What the task requires
An exact copy of every entry is needed, without the pictures.
================================
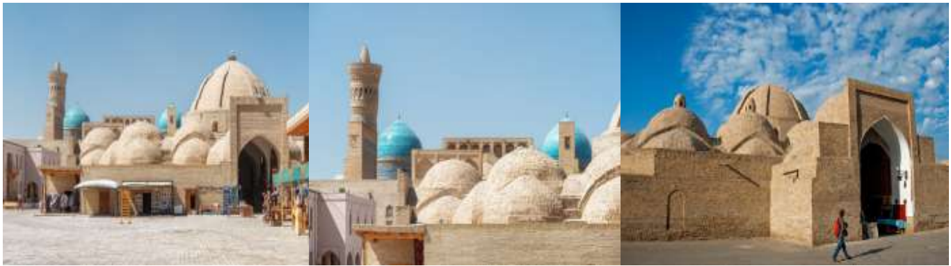
ชม หอโพลี คัลยาน (Poli Kalyan Ensemble and Minaret) รูปร่างของหอนี้ส่วนที่สูงที่สุด เป็นทรงกลม หอนี้ได้ถูกออกแบบเพื่อใช้ในการเรียกประชุมชาวมุสลิม เพื่อมาทำละหมาด
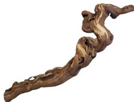
20090 VE 8 Weinreben-Ast Gr. XL ca. 30-40cm
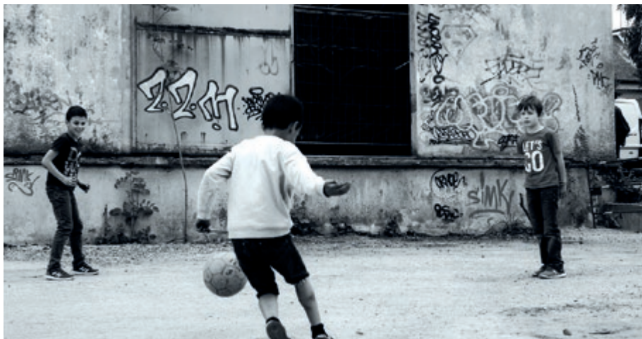
▼ Jam Session
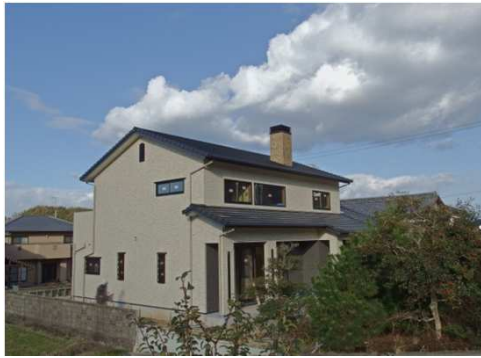
煙突が外壁のアクセントになっています。

玉川町で建設中の3世代同居の2世帯住宅です。デュアルリビングにバリアフリー等級の取得、基準法を大幅に上回る耐震性、吹付断熱などなど、次号で完成写真と詳細をお伝えできると思いますが、まずは奥様がこだわられた外壁と薪ストーブが設置されるリビングの吹抜けの様子をご紹介します。
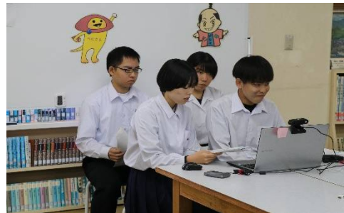
生徒による学校生活紹介
================================
Result of this exercise
ชม หอโพลี คัลยาน (Poli Kalyan Ensemble and Minaret) รูปร่างของหอนี้ส่วนที่สูงที่สุด เป็นทรงกลม หอนี้ได้ถูกออกแบบเพื่อใช้ในการเรียกประชุมชาวมุสลิม เพื่อมาทำละหมาด
20090 VE 8 Weinreben-Ast Gr. XL ca. 30-40cm
▼ Jam Session
煙突が外壁のアクセントになっています。

玉川町で建設中の3世代同居の2世帯住宅です。デュアルリビングにバリアフリー等級の取得、基準法を大幅に上回る耐震性、吹付断熱などなど、次号で完成写真と詳細をお伝えできると思いますが、まずは奥様がこだわられた外壁と薪ストーブが設置されるリビングの吹抜けの様子をご紹介します。
生徒による学校生活紹介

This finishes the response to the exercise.